Background technology
Superalloy is the necessary important meals material of modern aeroengine, rocket engine.It can bear life-time service under the big stress in high temperature (referring generally to 600~1000 ℃) oxidizing atmosphere and under the exhaust gas corrosion condition.Iron-base superalloy is common superalloy, and its alloying level is higher, particularly contains active alloying element (as aluminium, titanium) and the alloy clarity is had relatively high expectations, so require tighter to smelting technology.

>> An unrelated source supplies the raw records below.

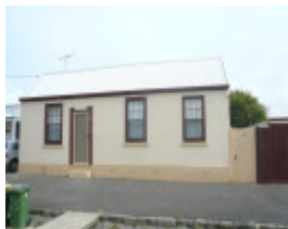
Nippy-Ville, 26 Learmonth Street, Queenscliff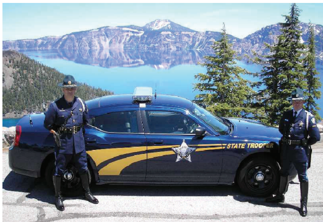
OSP Troopers with new Dodge Charger

Fish & Wildlife Division Troopers assigned to the Baker and Ontario offices participated in a joint state waterfowl and Marine Board saturation patrol on the Snake River. The patrol consisted of Idaho Fish and Game officers, Malheur County Sheriff's Office Marine Deputy, US Fish and Wildlife Service Agents and Oregon State Police Troopers working the border waters of the Snake River upstream well into Idaho. The activities for the patrols conducted on the border waters are as follows: Hunters Checked – 51, Anglers Checked – 2, Outfitters/Guides – 2, Boats Checked – 13; Citations: No Personal Floatation Device (2), No Boat Registration (1); Warnings: (Total of 18), No Boat Registration, Fail to Sign Duck Stamp, No Sound Producing Device, Offensive Littering, No Hunting License in Possession, Angling Prohibited Method, Unlawful Possession of Toxic Shot.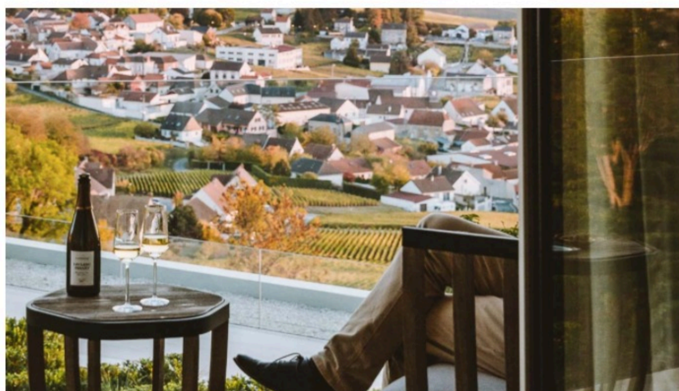
007 Royal Junior Suite, Royal Champagne Hotel & Spa

Before enjoying a starred dinner in Le Royal restaurant, however, guests will be invited to choose to enjoy Bond's favorite cocktails at the bar: the Vesper or the Dry Martini, shaken and not stirred, of course.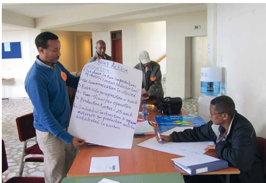
SLM project stakeholders participate in a C 3 Train the Trainer workshop in Addis Ababa

The training focuses on practices useful for reducing land degradation. Trainers inform a Best Practices Task Force on country-wide experiences in the field. Consequently, the task force decides which routines deserve to be elaborated as nation-wide Best Practices integrated into the SLM program. These are best practices as such: effective in a specific Ethiopian context and region. Lengthy discussions about what was good, what was better and what was best may take time and absorb valuable human resources. But practices that have proven effective should be disseminated at a larger scale. Ultimately, it will be farmers who decide which innovation or new practice is adopted and which is rejected. Hence, while the growing pool of Best Practices is a success it may deserve a more modest label.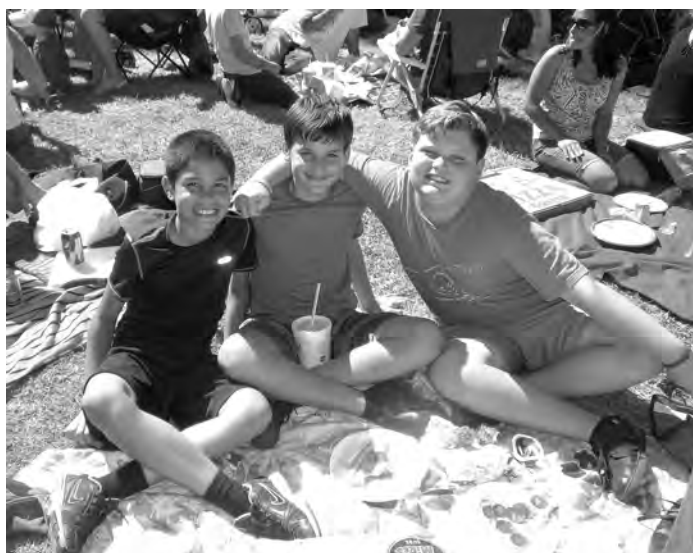
Lunch on the lawn.

and staff to improve education by supporting staff, encouraging students and creating a sense of community.” It’s a win, win for everybody—parents, families, staff and most importantly, the children. It’s not too late to join PTA—you can become a member today!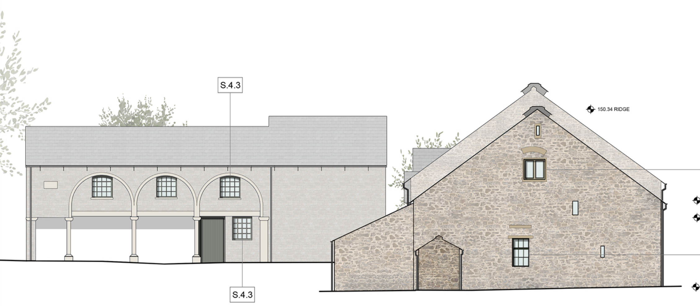
▼ 140.00m above OS Datum Proposed North West Elevation - Scale 1:100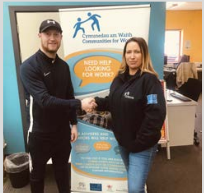
Army veteran JC received tailored one to one mentoring support from Communities for Work to gain a qualification and find employment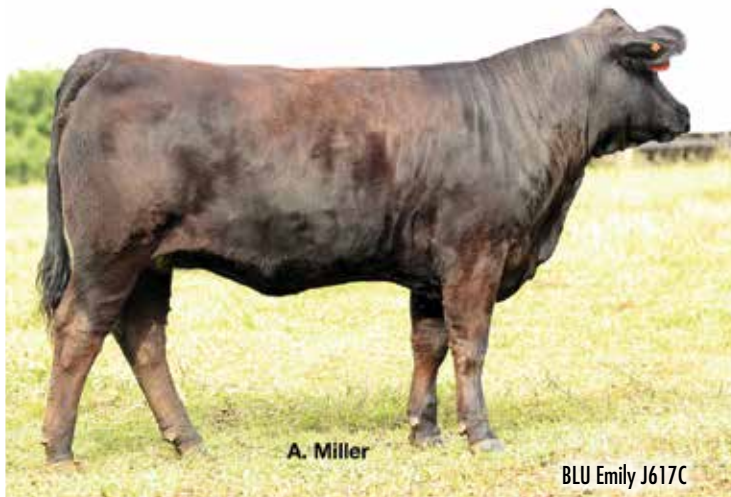
BLU Emily J617C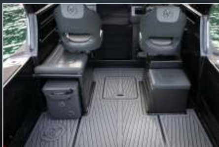
STORM GREY OVER BLACK KING PLANK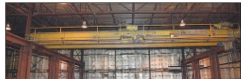
5 Ton X 65' Approx. Span Shaw Box Double Girder Top Running Overhead Bridge Crane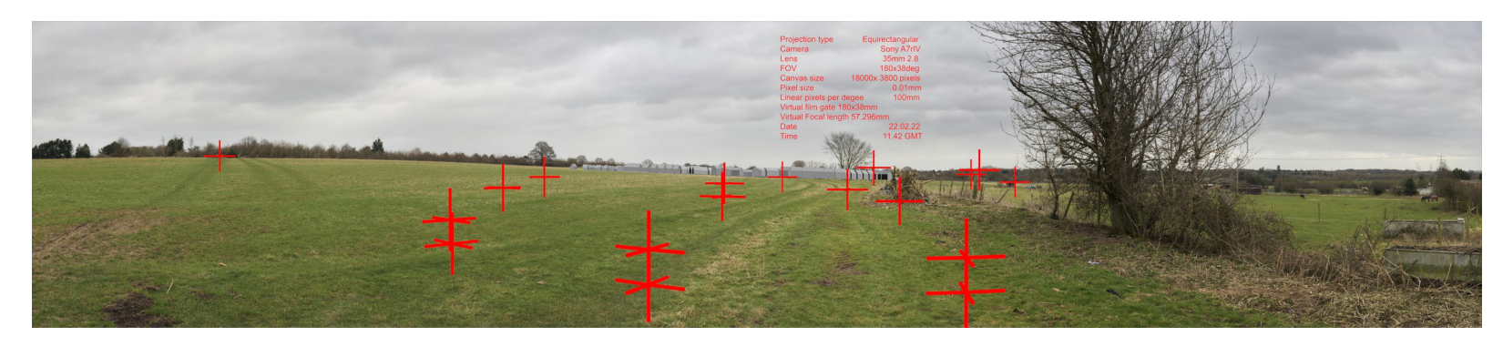
01.7 Screen grab of wireline model matched to photograph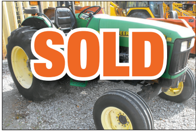
5210 John Deere, remote, 85% tires, original and very clean $9,850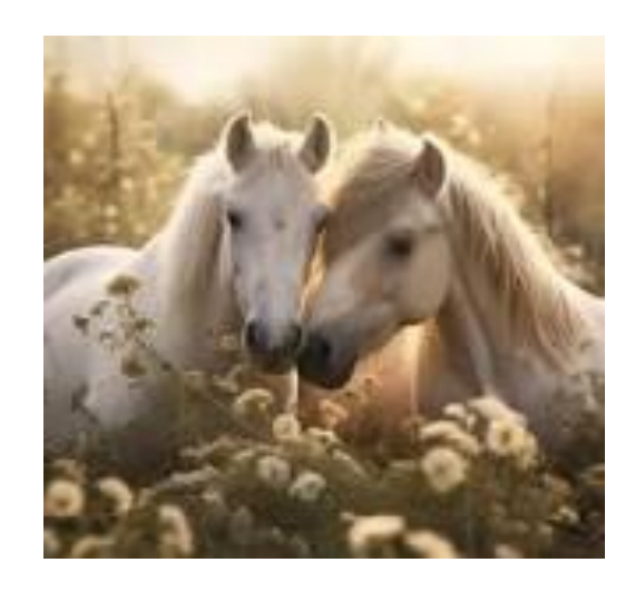
No need to fight if you don't want to.

An offer of a draw may be ventured at any time, without requirement for a specific number of moves to have been made.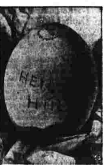
HARD-BOILED —An investigation of Nazi egg-laying traced this egg, hatched by an English prospector near Alderhot, to Vandenberg at the Danish-German border, where Nazi sympathizers are strong. Unbelievable link was used for the setting.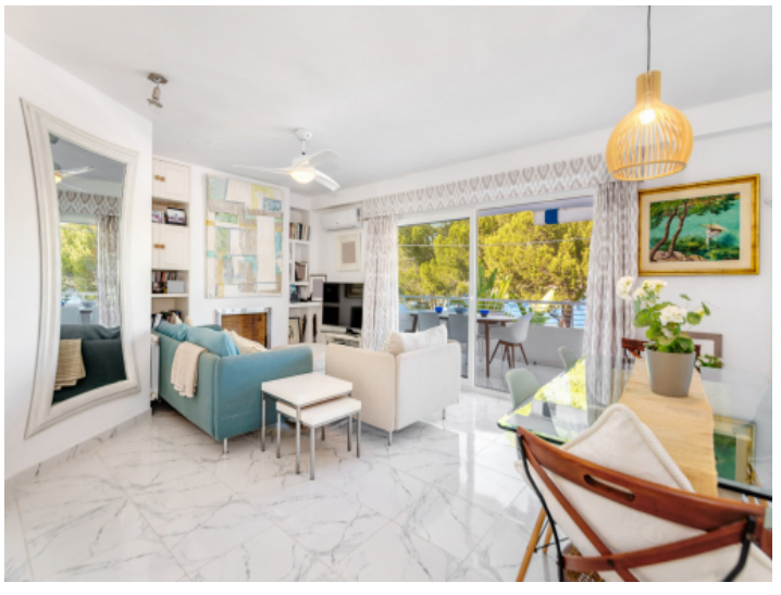
Living area with balcony access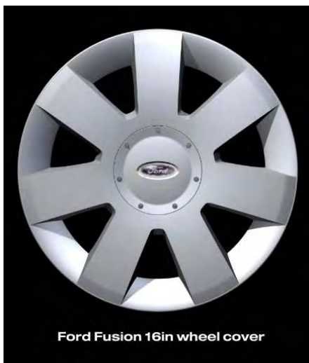
Ford Fusion 16in wheel cover

16" Steel Wheel w/Deluxe Wheel Cover Standard on S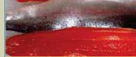
Fresh Ruby Red Trout

March 20 th “National Ravioli Day” Antonio's Boil in Bag Ravioli Reg. $10.99 Only $8.49 Spinach & Cheese w/Amatriciana Short Rib w/Cheddar Cream Sauce Three Cheese w/Vodka or Pomodoro Sauce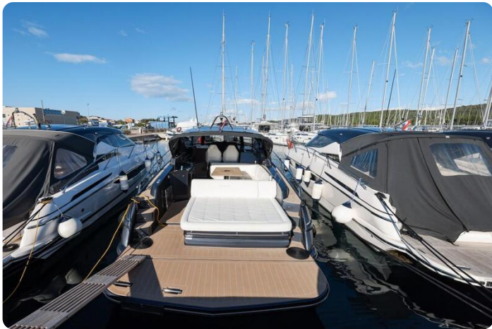
Focus Power 36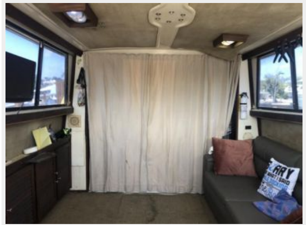
8 - 34' Mainship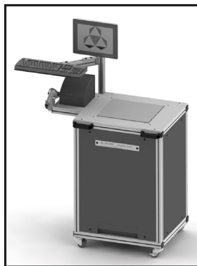
Tritek ACE Workstation

OUTGOING MAIL/PARCELS: When used for presorting ACE performs: 1) USPS manifesting / weighing; 2) Prints label for each processed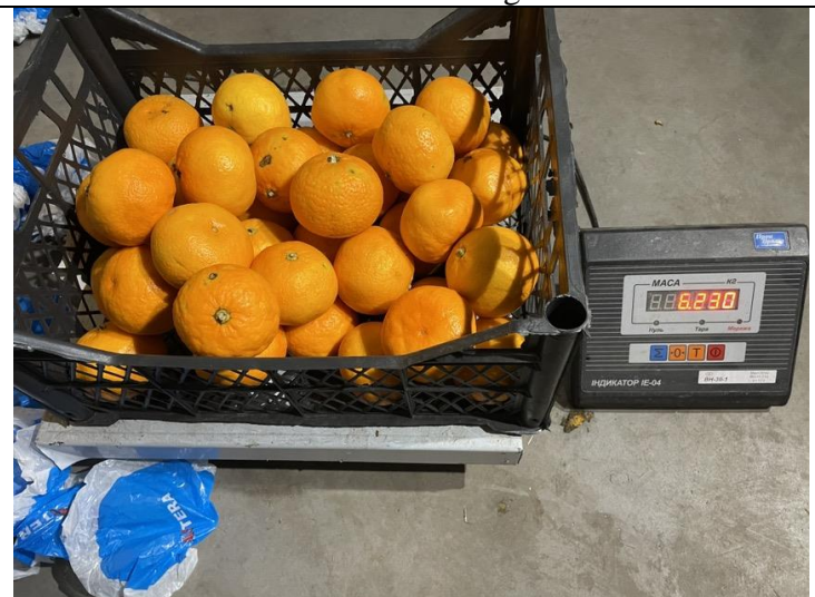
Weight of bad cargo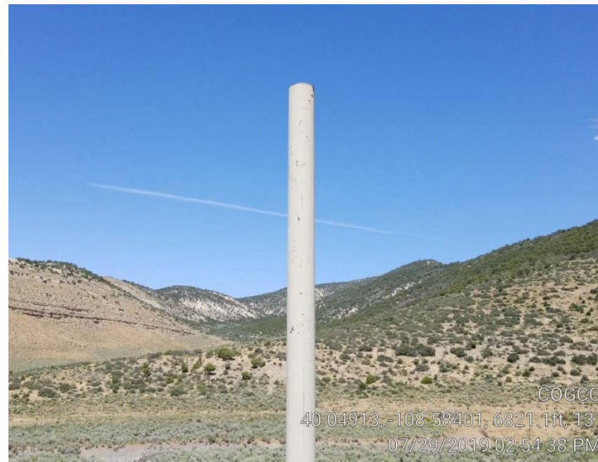
Photo 7. No apparent bird screen on tank vent.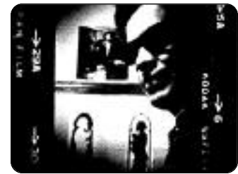
“Night in the Life of Charles Plymell” 1964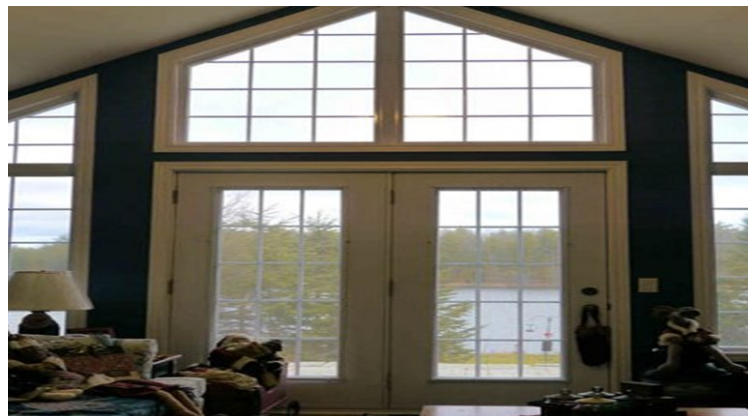
Krumpers Solar Blinds lets in warmth but keeps out cold and glair.

Call today for Bonus Coupon good for Krumpers Discount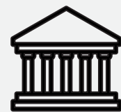
Consultants & Lawyers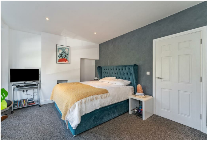
Bedroom Two 10'9 x 8'1 (3.28m x 2.46m)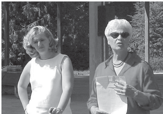
Sultun Parks and Rec.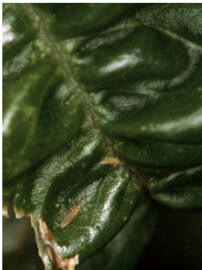
Fig. 3. Typical leaf scarring from thrips feeding (above); leaf puckering caused by thrips (below).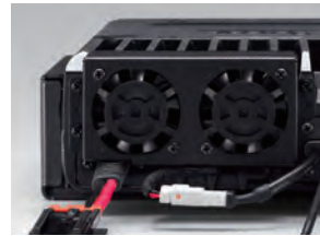
Optional CFU-F8100 fitted to the rear panel.

At present, the smelting process of iron-base superalloy mainly contains " vacuum consumable induction furnace smelting+esr " or " electric arc furnace smelting+LF refining furnace+esr " two kinds of modes.Adopt " vacuum induction furnace " to smelt, has the advantage that metallurgical control is easy, alloy mass is good, (smelt about 10000 yuan of step expense/t), recovery rate of iron also lower (the electrode cutting head cutting tail of top teeming process cast is big, and recovery rate of iron is low) but smelting cost is very high; So most of producer adopts lower " electric arc furnace smelting+LF refining furnace " the smelting mode of smelting cost.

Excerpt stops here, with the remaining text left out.